Oristano had a moribund atmosphere that was almost palpable, enervating heat, and an audible monotony that was like the drowsy buzz of a single futile bumblebee. I felt a sort of ghastly frivolity in the idea that by parachuting off the train with no plan in my head I was pointlessly insinuating myself in a small Sardinian town which was off the tourist trail—not because it was obscure and hard to reach but because it was utterly boring.

It was a marketplace for the nearby farms, and the townies measured themselves against the peasants who turned up to sell vegetables or meat at the market. These peasants, Barbagians to their gnarled fingertips, were toothless and skinny and undersized people. The women wore shawls and four skirts and argyle knee socks and were more whiskery than their menfolk, who chewed broken pipestems and look oppressed. After the Oristano market closed I imagined them scuttling back to the hills and sheltering under toadstools. But they were also noted for their toughness—ferrigno, they were called, made of iron.

The only aspects of the outside world that had penetrated here were the extremely violent American videos and Disney comics—we are cultural leaders, after all, specializing in the criminal and the infantile. Italian culture in Oristano was represented by the Church, porno comics, chain-smoking, a plethora of shoe stores. The rest was harmless obsession, Italian here—but generally true of the Mediterranean region—the mild ostentation of the middle-class women in cutting a good figure, and the male passion about sports that bordered on the homoerotic.

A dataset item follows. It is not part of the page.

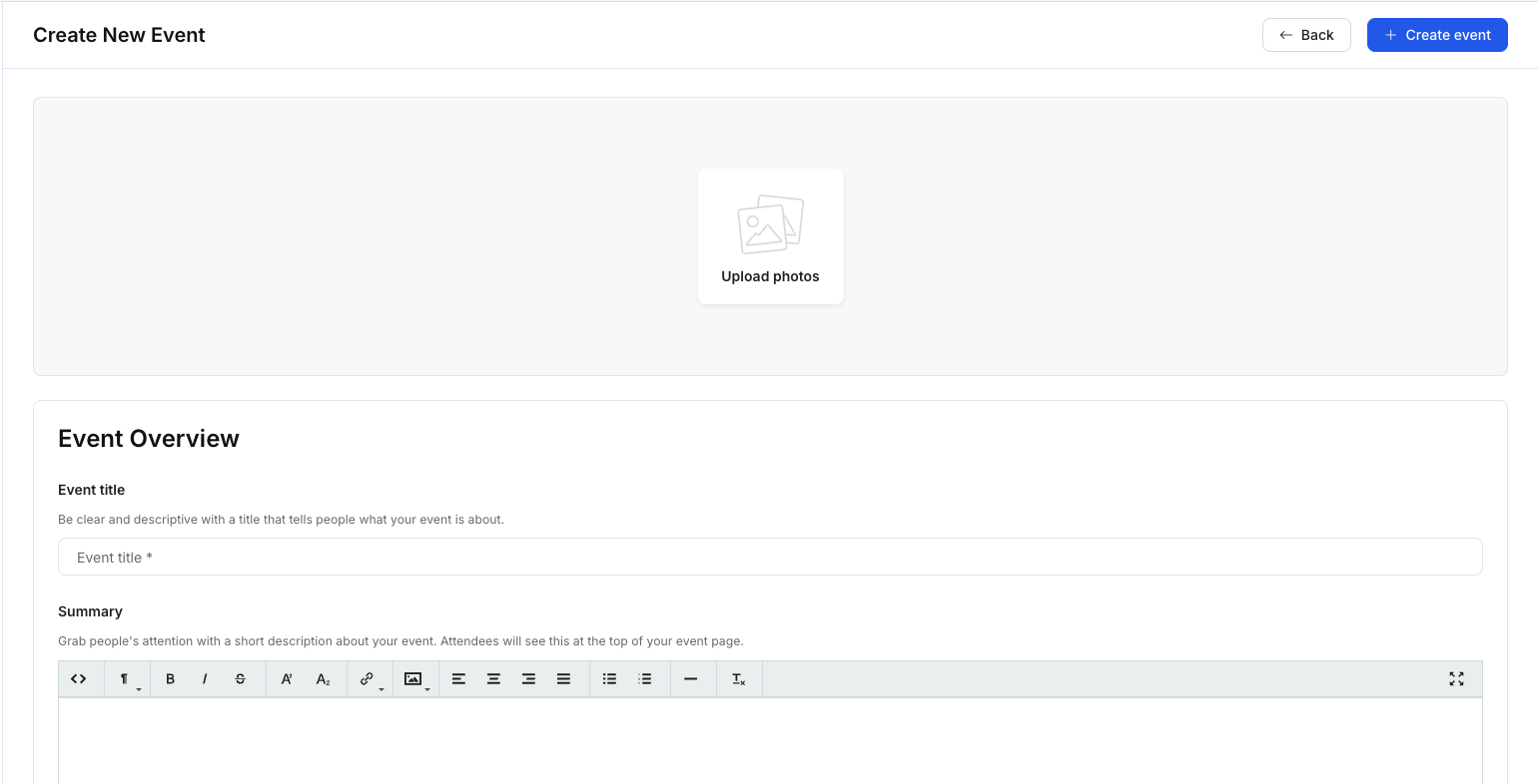 2. Complete event details (title, summary, date & location, optional sections)

Italy had allowed Sardinia to be self-governing and given it a degree of autonomy that prevented the island from nursing the sort of political grievances that were so common in Corsica. There were no bomb-throwers in Sardinia. It was a rugged place—none of the poodles and lapdogs of France, only functional mutts that had to work to earn their keep—sheep dogs and guard dogs.

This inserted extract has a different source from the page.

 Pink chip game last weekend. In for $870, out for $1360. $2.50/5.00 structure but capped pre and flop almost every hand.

My landlady in Oristano, Regina, was a voluble Italian, whose husband worked in Cagliari. “I want you to be happy. I want this to be like your own house.” Her flunkies and room cleaners were Sardinian women from the interior, who were not forthcoming when I asked them about their own language and culture. It seemed a vaguely colonial arrangement of the memsahib and her native servants, but they got along well and worshiped in the same church.

The more I saw of Oristano, the stronger I felt that my chief objection was that it was the sort of inbred town, with its own rules and snobberies, that I grew up in. It was full of lowbrows but it was neighborly. Strangers in the boardinghouse always greeted each other, and when someone entered a restaurant everyone said hello, calling out “How are you?” from where they sat. It was perhaps not very different from Medford, Massachusetts, and friendly and frightening in about equal parts. Excessive friendliness is perhaps a philistine trait; in a place where no one reads, no one values or understands contemplative solitude, and so they need each other to be friendly and talkative.

I was on my way to the station in Oristano when I was accosted by an oriental man. He said, in Italian, “A hundred lire,” and clicked a cigarette lighter in my face.

“Where do you come from?”

“China.”

Another Chinese man appeared.

“You want a lighter?” he asked in English.

“How did you get here?”

“Cargo ship.”

“Do you live here?”

Yet another Chinese man joined us, and he muttered to his friends. They were all in their thirties, and were decently dressed. They spoke little Italian and even less English. They had chosen an unpromising place to hawk cigarette lighters. Perhaps this was a town that was not dominated by African hawkers. My questions and my lack of interest in their twenty-cent cigarette lighters seemed to drive them away, but where to?

Africans living by their wits in Olbia, Chinese seamen boosting lighters in Oristano. What was this all about? The natives of the Mediterranean were always harking back to the past, which was glorious; but the present was much stranger, and baffling.

The railway to Cagliari rattled down a long flat valley of Campidano. I dozed and made notes, and I was surprised by how warm the weather was—sunny and lovely this day in early March.